Over the course of this narrative, among other things,  the author also seeks to reveal Oscar Slater as a human being rather than just an unwanted "Other."  She also examines Conan Doyle as a crusader, an "emblematic avatar" of the "long nineteenth century," which as the author says, ran beyond the century mark up to the outbreak of the first world war.

  The inside dustjacket blurb of this book tells its readers that
"For all the scores of biographies of Arthur Conan Doyle, creator of the most famous detective in the world, there is no recent book that tells this remarkable story, in which Conan Doyle becomes a real-life detective on an actual murder case."

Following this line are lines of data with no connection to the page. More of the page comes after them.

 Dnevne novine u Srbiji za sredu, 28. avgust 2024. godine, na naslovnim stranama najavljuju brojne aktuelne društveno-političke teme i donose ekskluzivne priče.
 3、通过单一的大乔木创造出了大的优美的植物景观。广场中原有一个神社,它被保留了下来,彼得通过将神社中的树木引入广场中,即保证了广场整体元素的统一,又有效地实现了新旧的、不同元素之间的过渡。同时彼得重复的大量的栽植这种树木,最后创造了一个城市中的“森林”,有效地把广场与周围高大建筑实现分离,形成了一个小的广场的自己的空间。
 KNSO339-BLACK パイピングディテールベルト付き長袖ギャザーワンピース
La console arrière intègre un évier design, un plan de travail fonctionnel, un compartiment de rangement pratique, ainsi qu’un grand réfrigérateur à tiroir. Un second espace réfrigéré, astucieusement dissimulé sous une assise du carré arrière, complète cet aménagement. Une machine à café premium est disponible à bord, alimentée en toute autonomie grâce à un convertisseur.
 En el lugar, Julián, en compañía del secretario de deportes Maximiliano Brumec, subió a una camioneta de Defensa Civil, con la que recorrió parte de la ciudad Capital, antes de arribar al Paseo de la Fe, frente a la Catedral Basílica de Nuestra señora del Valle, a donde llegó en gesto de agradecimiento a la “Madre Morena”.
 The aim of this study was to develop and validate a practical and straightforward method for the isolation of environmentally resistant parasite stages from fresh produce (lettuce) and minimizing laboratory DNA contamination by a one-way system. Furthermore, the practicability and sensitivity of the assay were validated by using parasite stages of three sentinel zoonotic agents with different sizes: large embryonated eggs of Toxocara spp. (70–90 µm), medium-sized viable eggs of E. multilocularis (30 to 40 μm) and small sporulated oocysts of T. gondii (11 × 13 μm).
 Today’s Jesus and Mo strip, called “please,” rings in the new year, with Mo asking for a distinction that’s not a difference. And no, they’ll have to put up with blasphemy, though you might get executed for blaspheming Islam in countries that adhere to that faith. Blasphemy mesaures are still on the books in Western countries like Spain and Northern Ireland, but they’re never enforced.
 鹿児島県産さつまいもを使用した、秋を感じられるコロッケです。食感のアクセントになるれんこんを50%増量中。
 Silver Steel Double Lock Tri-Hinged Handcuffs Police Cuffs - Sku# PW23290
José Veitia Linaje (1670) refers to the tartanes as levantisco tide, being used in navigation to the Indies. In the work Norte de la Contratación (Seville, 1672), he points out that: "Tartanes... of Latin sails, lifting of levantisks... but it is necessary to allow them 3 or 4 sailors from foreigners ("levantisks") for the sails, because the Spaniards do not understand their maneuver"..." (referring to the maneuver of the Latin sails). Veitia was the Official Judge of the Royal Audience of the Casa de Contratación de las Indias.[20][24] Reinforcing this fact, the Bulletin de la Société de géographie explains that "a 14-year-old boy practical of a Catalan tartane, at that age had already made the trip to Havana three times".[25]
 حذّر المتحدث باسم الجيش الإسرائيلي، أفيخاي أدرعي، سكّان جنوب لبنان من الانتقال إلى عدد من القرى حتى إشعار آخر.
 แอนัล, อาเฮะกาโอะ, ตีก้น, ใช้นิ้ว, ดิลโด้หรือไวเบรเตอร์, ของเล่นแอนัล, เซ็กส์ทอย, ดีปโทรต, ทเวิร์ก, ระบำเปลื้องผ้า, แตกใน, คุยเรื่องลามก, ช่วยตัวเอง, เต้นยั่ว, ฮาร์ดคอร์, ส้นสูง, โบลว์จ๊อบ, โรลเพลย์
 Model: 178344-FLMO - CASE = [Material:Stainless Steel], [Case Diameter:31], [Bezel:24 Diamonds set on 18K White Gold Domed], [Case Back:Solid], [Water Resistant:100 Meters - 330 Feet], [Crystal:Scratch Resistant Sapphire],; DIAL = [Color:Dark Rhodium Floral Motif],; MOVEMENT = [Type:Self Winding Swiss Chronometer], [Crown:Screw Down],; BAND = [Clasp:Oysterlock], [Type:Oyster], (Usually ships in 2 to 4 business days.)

 The Slater case may not be as well known as the Edalji case,  the basis of the novel Arthur and George by Julian Barnes, so this book is good mainly for people who may be interested to learn about Conan Doyle outside of  his role as the "creator of the most famous detective in the world" and as a man with a "code of honor" who more than once refused to let justice take a wrong turn and affect innocent lives. But beware --  I've read three or four biographies of Conan Doyle since I read this book, and I don't completely agree with Fox's conclusions about the man himself, in which she sort of glosses over more than a few facts. I'll refer you to Russell Miller's The Adventures of Arthur Conan Doyle and Out of the Shadows by Georgina Doyle for further reading.  And while personally I think that there's a lot that could have been edited out without any detriment whatsoever to this story, one of the strengths of this book is that the author has managed to place her study  meaningfully into the context of that "watershed moment" mentioned above, socially, culturally, and scientifically, rather than just rehashing the bare bones of the case.

While the blurbers call this book a "thrilling true-crime procedural," I wouldn't go that far, but  it is a story that speaks to our own contemporary concerns not only about "the racialization of crime" but also about some pretty shady practices in law enforcement and the justice system which all too often ruin the lives of innocent people.